From Crop Spraying to Farminators - The Future of Farming
Blue River Technology, another industry leader of precision herbicide spraying, is developing a tractor attachment which uses robotic nozzles to automatically target unwanted weeds. While not an autonomous system, the device is still many times more efficient and can be mounted on to a tractor in place of a traditional sprayer.
But these robotic companies are not the only ones developing weed-killing robots. ‘Farminators’, robots which do farm work, are taking over the farming industry by storm.
Surprisingly, the change is being welcomed by the farming community.
“It’s farmers who are driving this because labour is in short supply and they are looking for technological assistance,” says Salah Sukkarieh of the University of Sydney, a scientist investigating his own fleet of farminators.
There are many companies who have successfully developed autonomous seeders, harvesters, and other autonomous farming processors, although the robots have yet to make a large impact on the herbicide industry.

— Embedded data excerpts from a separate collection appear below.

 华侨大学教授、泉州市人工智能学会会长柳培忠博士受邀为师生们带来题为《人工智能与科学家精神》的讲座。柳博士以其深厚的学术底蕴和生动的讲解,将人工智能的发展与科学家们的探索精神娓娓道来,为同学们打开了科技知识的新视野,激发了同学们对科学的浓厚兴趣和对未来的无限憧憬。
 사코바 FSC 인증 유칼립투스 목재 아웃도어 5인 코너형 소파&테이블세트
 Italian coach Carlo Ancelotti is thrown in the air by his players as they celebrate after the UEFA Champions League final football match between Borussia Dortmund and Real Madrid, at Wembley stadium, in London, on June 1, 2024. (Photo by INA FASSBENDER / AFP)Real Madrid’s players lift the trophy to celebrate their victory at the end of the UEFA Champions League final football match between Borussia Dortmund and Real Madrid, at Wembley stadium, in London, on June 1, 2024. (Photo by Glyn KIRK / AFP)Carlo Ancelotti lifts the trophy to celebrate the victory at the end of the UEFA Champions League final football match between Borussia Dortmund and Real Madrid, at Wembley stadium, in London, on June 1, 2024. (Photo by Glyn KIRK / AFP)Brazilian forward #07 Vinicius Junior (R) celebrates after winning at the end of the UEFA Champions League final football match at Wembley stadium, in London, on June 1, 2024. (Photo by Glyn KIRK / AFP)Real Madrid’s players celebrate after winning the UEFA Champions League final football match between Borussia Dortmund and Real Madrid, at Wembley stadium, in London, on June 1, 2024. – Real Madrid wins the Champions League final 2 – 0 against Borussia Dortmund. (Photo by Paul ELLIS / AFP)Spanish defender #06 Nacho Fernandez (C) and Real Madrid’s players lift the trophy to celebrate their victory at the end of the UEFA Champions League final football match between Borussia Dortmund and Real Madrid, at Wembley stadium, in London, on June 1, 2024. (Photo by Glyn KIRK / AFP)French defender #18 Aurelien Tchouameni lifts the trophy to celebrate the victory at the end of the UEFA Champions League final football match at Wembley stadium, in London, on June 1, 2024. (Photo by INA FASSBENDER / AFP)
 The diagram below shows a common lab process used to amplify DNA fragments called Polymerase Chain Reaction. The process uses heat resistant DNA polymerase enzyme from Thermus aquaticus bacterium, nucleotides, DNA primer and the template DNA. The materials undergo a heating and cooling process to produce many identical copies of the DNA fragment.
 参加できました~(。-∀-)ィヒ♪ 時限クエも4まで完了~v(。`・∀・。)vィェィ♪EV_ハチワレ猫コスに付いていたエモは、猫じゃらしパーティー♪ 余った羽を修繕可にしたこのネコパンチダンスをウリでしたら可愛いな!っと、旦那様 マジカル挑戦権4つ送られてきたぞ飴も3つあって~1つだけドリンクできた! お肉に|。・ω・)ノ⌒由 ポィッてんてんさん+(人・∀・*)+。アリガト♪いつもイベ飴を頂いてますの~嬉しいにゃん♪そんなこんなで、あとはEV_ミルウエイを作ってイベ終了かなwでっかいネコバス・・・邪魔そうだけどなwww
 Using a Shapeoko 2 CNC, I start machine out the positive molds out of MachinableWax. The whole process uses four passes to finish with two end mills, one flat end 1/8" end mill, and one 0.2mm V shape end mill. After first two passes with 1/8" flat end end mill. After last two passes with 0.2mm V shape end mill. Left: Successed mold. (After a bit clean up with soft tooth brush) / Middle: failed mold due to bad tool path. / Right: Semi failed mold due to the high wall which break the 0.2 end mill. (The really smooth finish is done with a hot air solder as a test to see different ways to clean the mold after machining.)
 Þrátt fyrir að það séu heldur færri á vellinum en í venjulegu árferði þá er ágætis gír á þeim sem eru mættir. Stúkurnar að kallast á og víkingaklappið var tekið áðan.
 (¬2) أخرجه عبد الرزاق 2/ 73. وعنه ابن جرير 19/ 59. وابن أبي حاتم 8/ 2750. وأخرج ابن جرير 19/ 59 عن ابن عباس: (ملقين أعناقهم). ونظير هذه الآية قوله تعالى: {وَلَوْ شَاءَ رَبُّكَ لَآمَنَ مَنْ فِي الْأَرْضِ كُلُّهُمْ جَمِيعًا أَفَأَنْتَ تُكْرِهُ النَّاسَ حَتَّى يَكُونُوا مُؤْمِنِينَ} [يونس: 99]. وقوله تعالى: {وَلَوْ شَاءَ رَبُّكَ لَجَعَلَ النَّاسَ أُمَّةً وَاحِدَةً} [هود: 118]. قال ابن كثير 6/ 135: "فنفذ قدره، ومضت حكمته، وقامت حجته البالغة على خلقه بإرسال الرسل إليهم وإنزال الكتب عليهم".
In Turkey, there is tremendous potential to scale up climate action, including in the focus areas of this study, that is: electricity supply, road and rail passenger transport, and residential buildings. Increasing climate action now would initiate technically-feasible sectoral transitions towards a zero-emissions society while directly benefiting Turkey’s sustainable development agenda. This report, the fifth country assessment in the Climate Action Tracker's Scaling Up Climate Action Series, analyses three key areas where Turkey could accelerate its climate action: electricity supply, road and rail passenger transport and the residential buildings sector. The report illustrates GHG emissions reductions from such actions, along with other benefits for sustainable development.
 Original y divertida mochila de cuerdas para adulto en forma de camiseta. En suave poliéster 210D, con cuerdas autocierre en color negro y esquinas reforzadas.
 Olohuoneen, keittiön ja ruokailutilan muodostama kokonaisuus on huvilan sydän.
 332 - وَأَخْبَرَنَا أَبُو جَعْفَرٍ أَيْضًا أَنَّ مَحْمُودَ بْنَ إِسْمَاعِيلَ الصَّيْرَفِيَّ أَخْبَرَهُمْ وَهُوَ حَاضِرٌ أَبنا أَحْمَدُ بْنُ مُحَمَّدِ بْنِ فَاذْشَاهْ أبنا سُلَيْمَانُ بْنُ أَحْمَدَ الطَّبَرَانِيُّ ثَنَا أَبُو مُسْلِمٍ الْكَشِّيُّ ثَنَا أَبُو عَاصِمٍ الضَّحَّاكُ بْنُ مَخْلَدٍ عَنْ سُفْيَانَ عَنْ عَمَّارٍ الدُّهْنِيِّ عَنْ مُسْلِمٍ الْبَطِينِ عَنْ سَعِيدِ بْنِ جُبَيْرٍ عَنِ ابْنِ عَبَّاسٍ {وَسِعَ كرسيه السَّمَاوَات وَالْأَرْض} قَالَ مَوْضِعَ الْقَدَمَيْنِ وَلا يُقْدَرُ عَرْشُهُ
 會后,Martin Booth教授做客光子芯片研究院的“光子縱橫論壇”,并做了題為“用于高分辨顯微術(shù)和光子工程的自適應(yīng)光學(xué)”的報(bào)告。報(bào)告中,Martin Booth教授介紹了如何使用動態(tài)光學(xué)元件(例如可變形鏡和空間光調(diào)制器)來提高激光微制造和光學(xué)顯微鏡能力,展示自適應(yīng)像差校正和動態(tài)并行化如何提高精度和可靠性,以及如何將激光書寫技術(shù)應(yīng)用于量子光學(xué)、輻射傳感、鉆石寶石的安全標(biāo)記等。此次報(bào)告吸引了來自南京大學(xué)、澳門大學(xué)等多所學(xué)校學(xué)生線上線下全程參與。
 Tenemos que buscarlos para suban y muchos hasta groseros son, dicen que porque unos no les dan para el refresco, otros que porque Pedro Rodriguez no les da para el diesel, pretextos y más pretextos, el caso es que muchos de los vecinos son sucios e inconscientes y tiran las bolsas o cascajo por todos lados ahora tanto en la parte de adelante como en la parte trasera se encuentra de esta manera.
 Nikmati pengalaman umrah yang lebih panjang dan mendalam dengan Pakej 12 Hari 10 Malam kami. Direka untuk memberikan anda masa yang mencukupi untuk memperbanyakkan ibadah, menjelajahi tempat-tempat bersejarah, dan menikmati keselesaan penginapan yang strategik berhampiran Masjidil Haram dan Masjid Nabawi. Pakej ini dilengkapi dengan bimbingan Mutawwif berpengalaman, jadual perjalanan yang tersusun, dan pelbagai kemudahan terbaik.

But researchers say the technology is ready to take over.
“A lot of the technology is already available. It’s just a question of packaging it together at the right cost for the farmers,” said Richard Lightbound, Robo’s CEO for Europe, the Middle East, and Africa.
Big Companies Buy-in
Large companies like John Deere and Robert Bossch, among many other smaller companies like ecoRobotix and Blue River, are already buying into and developing precision spraying robotic equipment.
While John Deere still produces commercial sprayers, they have only made marginal gains in efficiency and cost, while leaving the environmental damages practically unchanged. Instead, they are joining the movement on developing precision spraying robots, leaving crop spraying for the dust.
“The fact that a tractor and row-crop oriented company such as John Deere did this means it won’t be long before corn or soybean farmers in the U.S. Midwest will start using precision spraying,” said Jeneiv Shah, deputy manager of the Sarasin Food & Agriculture Opportunities.